(Collected data entries)
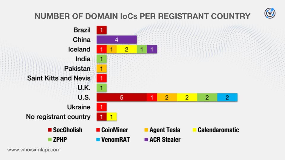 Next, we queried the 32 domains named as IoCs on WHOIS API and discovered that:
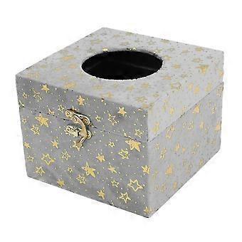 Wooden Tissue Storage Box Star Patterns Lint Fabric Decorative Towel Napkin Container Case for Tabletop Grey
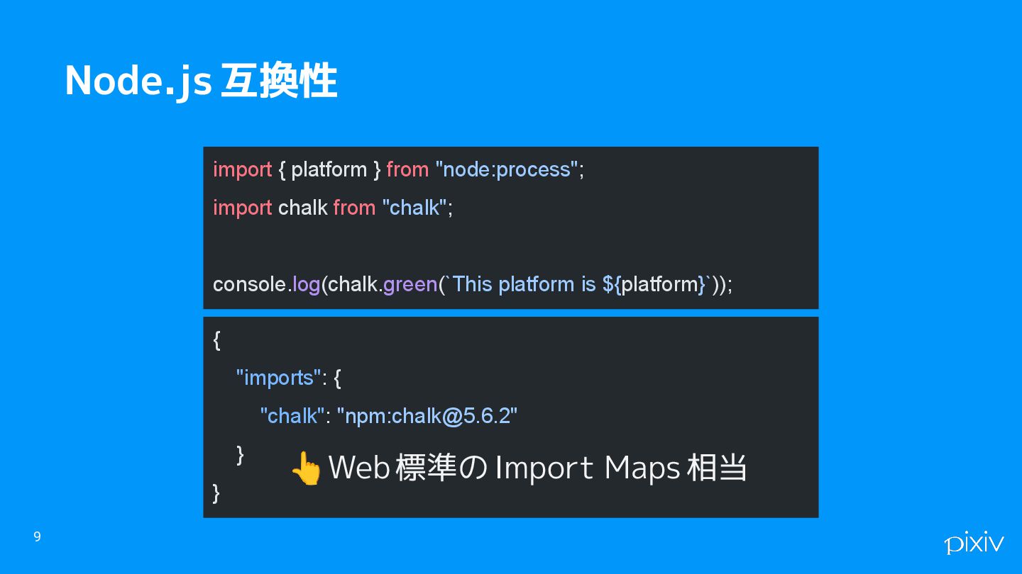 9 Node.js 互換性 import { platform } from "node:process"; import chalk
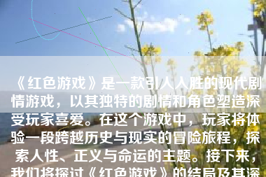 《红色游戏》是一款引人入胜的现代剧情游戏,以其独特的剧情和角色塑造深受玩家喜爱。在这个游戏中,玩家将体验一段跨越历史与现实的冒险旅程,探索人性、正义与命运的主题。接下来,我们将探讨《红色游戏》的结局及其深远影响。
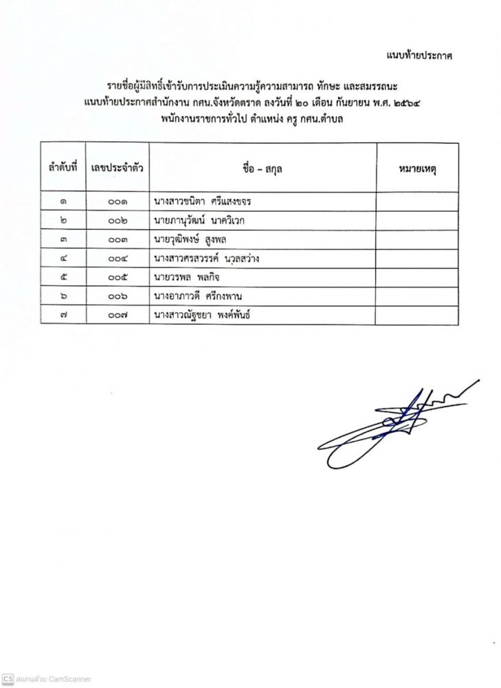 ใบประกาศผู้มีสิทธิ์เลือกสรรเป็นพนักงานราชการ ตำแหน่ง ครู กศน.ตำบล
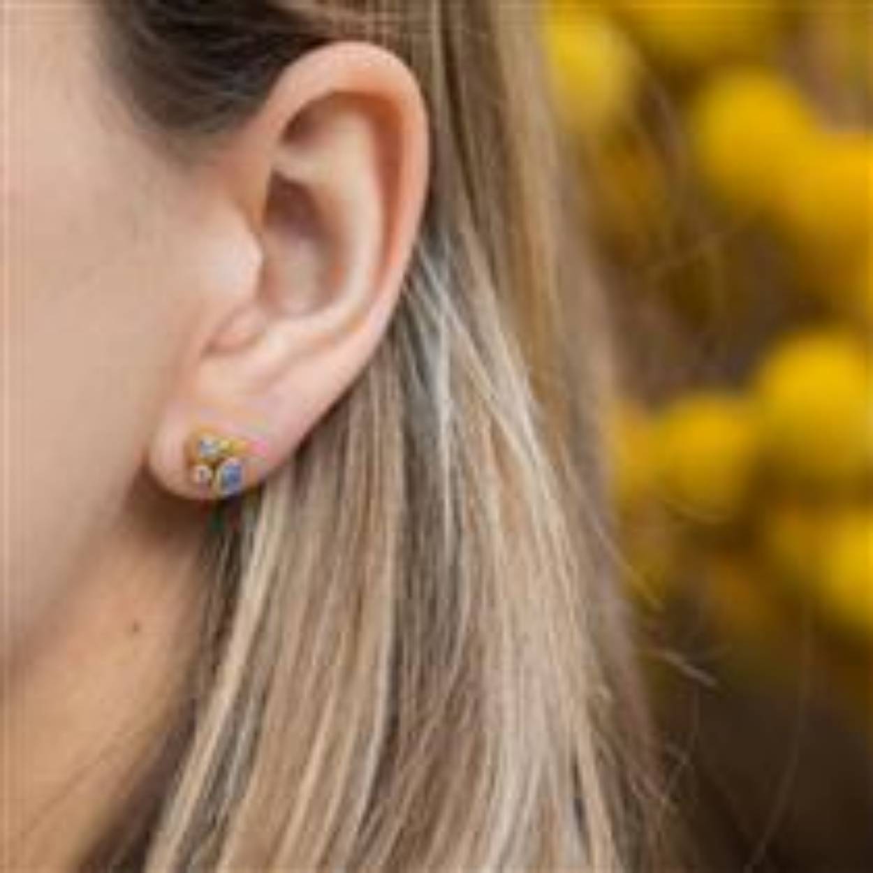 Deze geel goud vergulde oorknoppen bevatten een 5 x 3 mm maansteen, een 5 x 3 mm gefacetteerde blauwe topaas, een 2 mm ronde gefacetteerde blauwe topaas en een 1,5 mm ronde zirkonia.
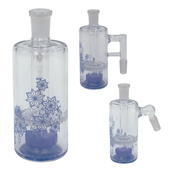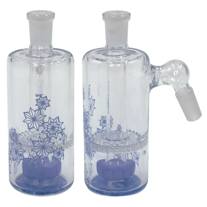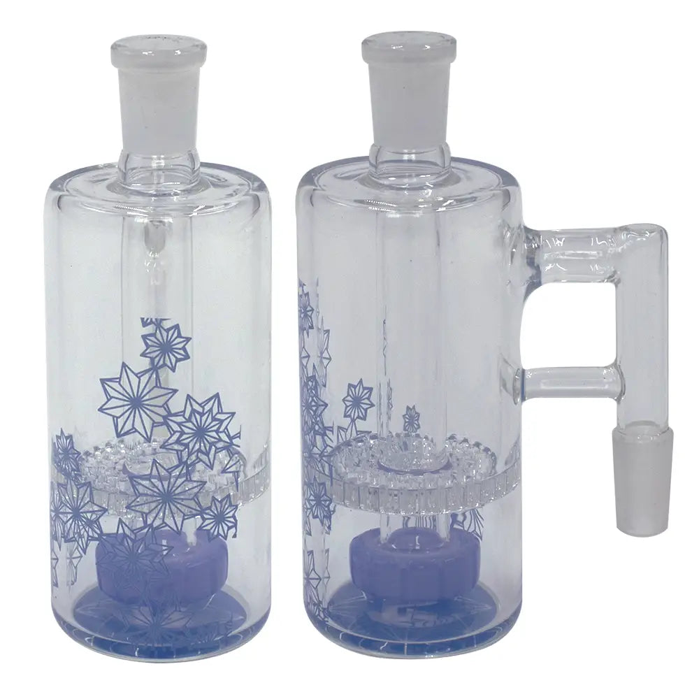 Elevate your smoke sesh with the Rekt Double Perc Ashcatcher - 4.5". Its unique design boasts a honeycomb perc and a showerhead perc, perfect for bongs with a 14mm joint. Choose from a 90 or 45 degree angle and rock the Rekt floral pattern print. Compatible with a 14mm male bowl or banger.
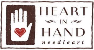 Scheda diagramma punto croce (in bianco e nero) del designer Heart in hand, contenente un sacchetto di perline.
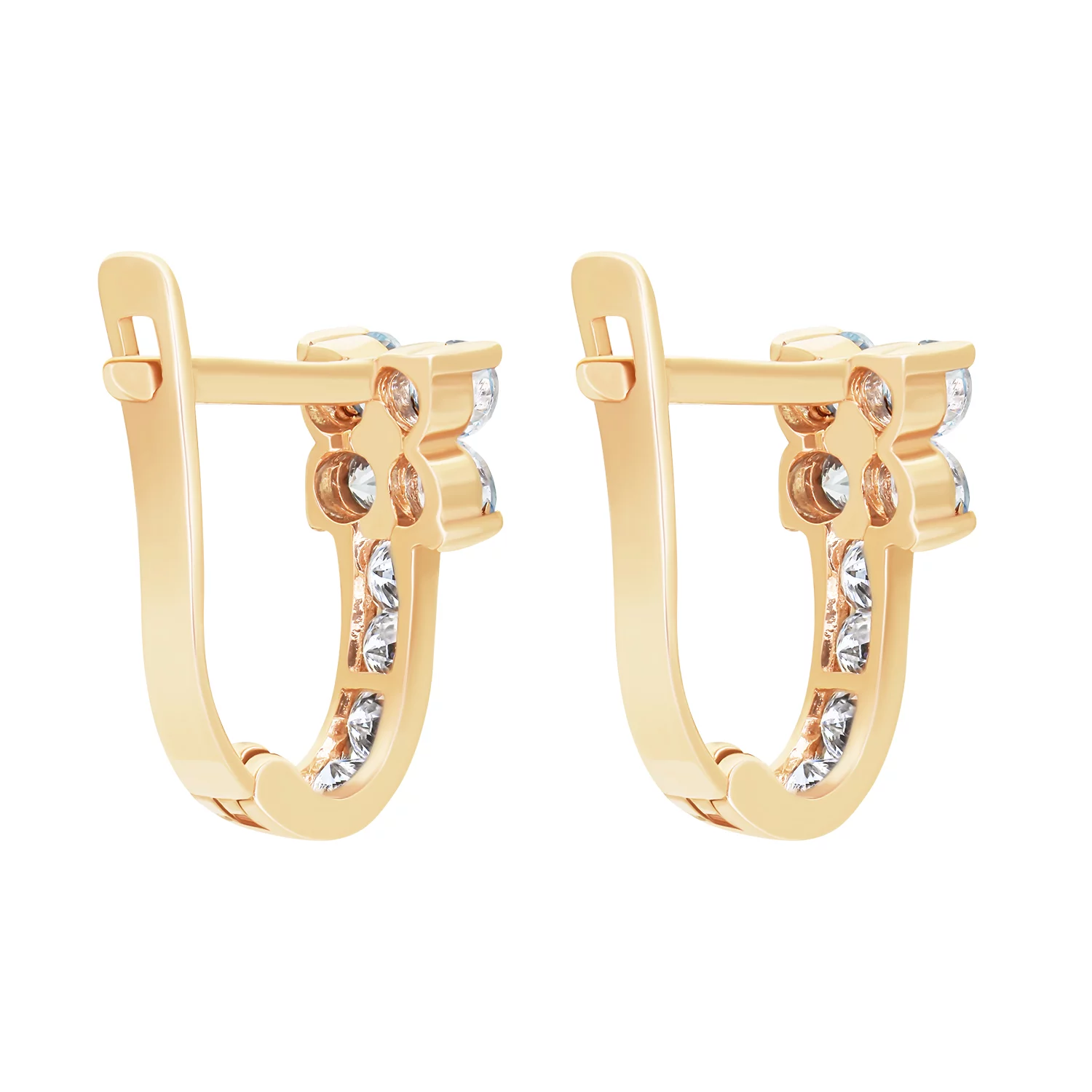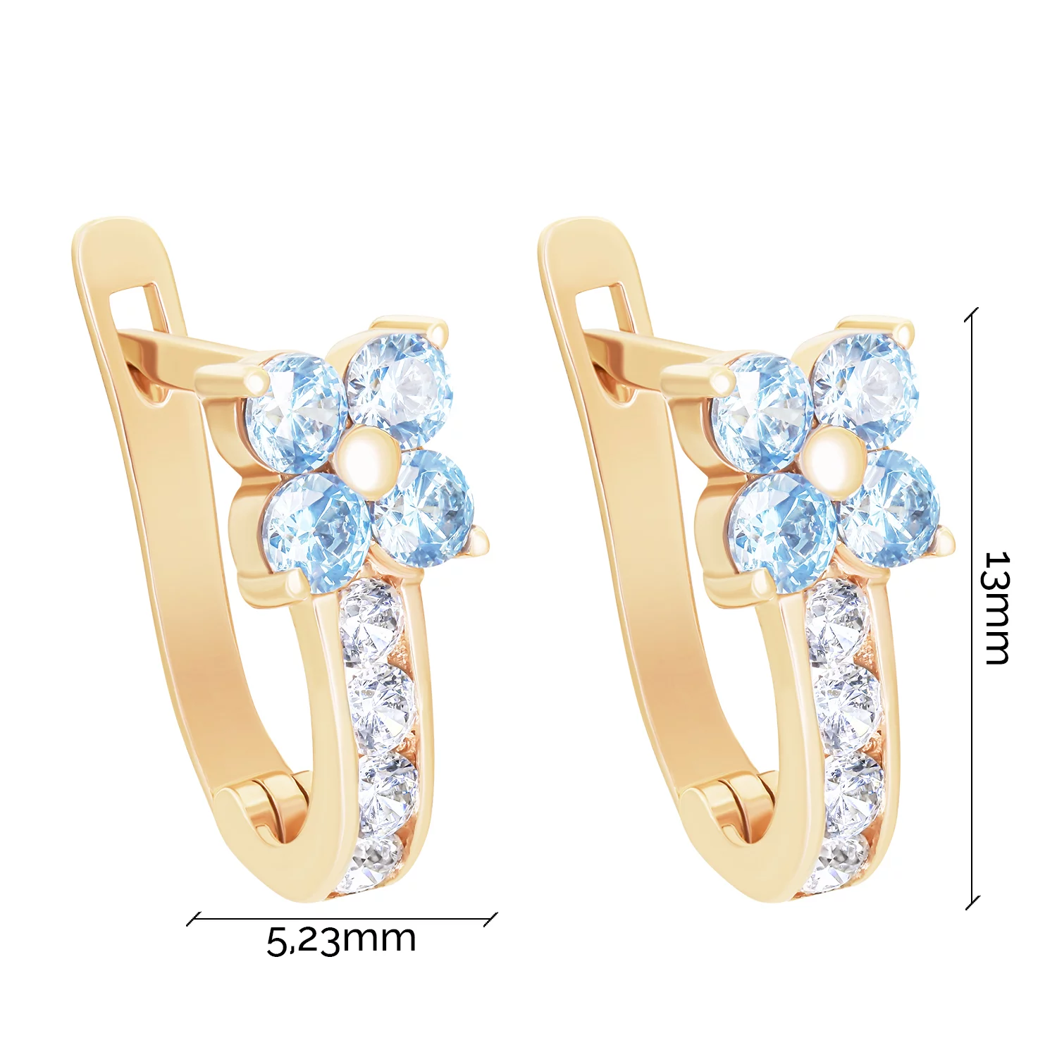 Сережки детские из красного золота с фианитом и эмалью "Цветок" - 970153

Problem requirements
Copy the data precisely. Skip every picture.

Response below
 Next, we queried the 32 domains named as IoCs on WHOIS API and discovered that:
 Wooden Tissue Storage Box Star Patterns Lint Fabric Decorative Towel Napkin Container Case for Tabletop Grey
 9 Node.js 互換性 import { platform } from "node:process"; import chalk
 《红色游戏》是一款引人入胜的现代剧情游戏,以其独特的剧情和角色塑造深受玩家喜爱。在这个游戏中,玩家将体验一段跨越历史与现实的冒险旅程,探索人性、正义与命运的主题。接下来,我们将探讨《红色游戏》的结局及其深远影响。
 ใบประกาศผู้มีสิทธิ์เลือกสรรเป็นพนักงานราชการ ตำแหน่ง ครู กศน.ตำบล
 Deze geel goud vergulde oorknoppen bevatten een 5 x 3 mm maansteen, een 5 x 3 mm gefacetteerde blauwe topaas, een 2 mm ronde gefacetteerde blauwe topaas en een 1,5 mm ronde zirkonia.
 Elevate your smoke sesh with the Rekt Double Perc Ashcatcher - 4.5". Its unique design boasts a honeycomb perc and a showerhead perc, perfect for bongs with a 14mm joint. Choose from a 90 or 45 degree angle and rock the Rekt floral pattern print. Compatible with a 14mm male bowl or banger.
 Scheda diagramma punto croce (in bianco e nero) del designer Heart in hand, contenente un sacchetto di perline.
 Сережки детские из красного золота с фианитом и эмалью "Цветок" - 970153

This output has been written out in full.